For the intact beam, by contrast, reaching this combination was not critical, occurring after 90 min for the hydrocarbon curve and 120 min for the standard curve. For the external fire curve, although premature section degradation and faster performance decay are observed, no risk of collapse arises even after extended exposure times.
This confirms that, when the beam remained degraded without restoration at the time of external strengthening, the combined effect of the two risks could lead to a critical condition, potentially resulting in collapse. It is further highlighted that the prestressing retrofit does not delay collapse, which depends solely on the degradation of the original beam. The strengthening intervention serves only to postpone the attainment of the ultimate moment corresponding to the characteristic and frequent load combinations, i.e., with traffic present during fire exposure.
The results show that the key factor governing this behavior is the earlier onset of degradation of the RC cross-section, which occurs after approximately 15 min for the standard fire curve and coincides with the start of the fire for the hydrocarbon curve. No differences are observed in the times t1 associated with the loss of tendon prestressing, since corrosion of the anchorages is not considered.

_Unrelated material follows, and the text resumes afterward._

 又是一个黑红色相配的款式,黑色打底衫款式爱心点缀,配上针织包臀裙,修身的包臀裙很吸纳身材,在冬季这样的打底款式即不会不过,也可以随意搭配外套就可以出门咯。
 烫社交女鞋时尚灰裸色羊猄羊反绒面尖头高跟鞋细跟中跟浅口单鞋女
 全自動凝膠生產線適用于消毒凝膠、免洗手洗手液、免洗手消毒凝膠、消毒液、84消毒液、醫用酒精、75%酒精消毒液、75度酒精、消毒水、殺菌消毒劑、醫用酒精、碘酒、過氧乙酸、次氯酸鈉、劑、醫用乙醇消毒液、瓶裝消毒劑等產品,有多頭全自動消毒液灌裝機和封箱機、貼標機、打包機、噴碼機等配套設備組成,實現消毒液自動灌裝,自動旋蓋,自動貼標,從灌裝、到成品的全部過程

In this multi-risk Scenario D, the attainment of the characteristic load combination is anticipated by a few minutes in all fire conditions. A more significant difference is observed for the frequent load combination, which is now intersected by the initial portion of the degradation curve and therefore reached much earlier than in the non-degraded bridge. Finally, as previously noted, under such an advanced degradation state, the potential collapse of the bridge due to the attainment of the dead load combination becomes a concern, both for the standard fire curve and, more critically, for the hydrocarbon fire curve.

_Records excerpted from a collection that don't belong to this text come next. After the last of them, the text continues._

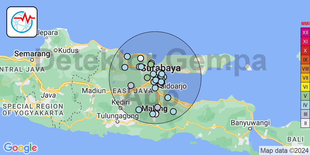 Earthquake at 5km from Surabaya, Indonesia. March 22, 2024 – 09:20 UTC Sismo News Team March 22, 2024 An earthquake was felt today, Friday 22 March 2024, 09:20 UTC, at 5km from Surabaya, Indonesia. The earthquake has been reported by 193 users of the Earthquake Network app in a radius of 80km. Preliminary magnitude between 4.1 and 4.7. Post navigation Previous Previous post: Earthquake at 15km from Surabaya, Indonesia. March 22, 2024 – 09:00 UTCNext Next post: Earthquake at 1km from Tocopilla, Chile. March 22, 2024 – 18:28 UTC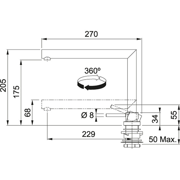 Особенности: Для установки у окна.Керамический картридж Ø 25мм.Угол вращения 360 градусов
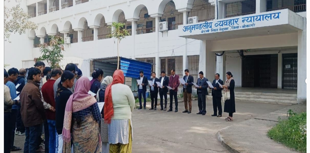 ममता सिन्हा/तेनुघाट (बोकारो)। संविधान दिवस के अवसर पर बीते 26 नवंबर को बोकारो जिला के हद में तेनुघाट व्यवहार न्यायालय परिसर में न्यायिक पदाधिकारियों ने संविधान की शपथ ली।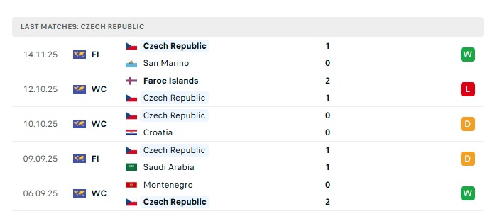Phong độ gần đây Séc vs Gibraltar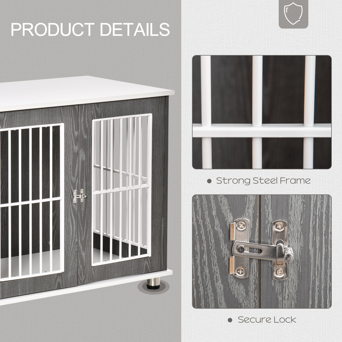 - "Modern Dog Crate Pet Kennel Cage w/ Lockable Door - Grey & White Pawhut"
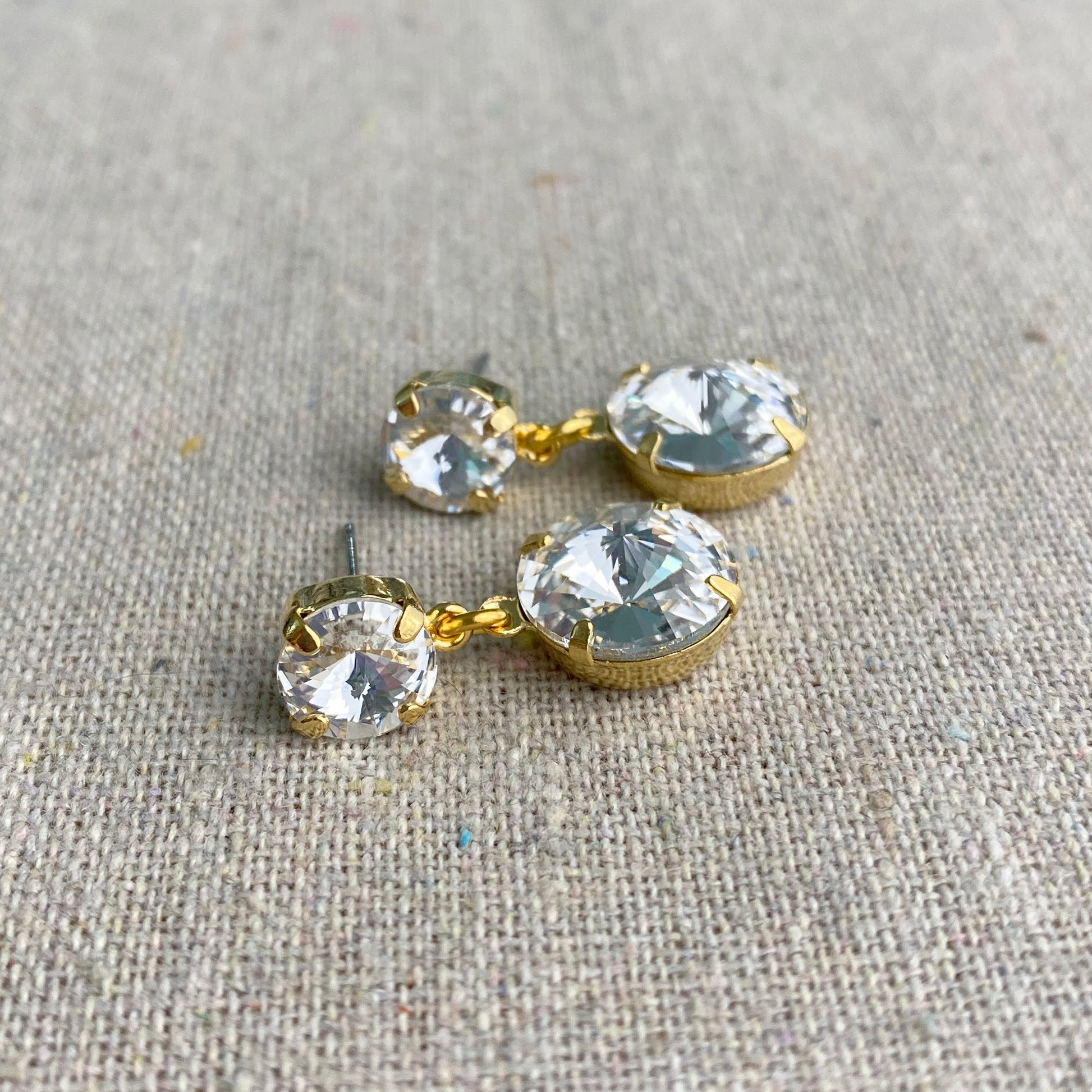 Fun statement earrings made with rivoli Swarovski® crystals set in plated brass with surgical steel posts. Shown in crystal and 14k gold plating.

This scenario severely limits the available time for the arrival of the emergency response team, as the rapid degradation of prestressing leads to an immediate reduction in load-bearing capacity, causing the bridge to reach a critical risk of collapse earlier than in the case of an intact bridge (25 min).
Table 5 summarizes the results in terms of the time required to reach the various significant states for the different scenarios considered. For the last scenario, the time t
dead of attainment of the ultimate moment, corresponding to that of only dead load applied to the bridge, is considered.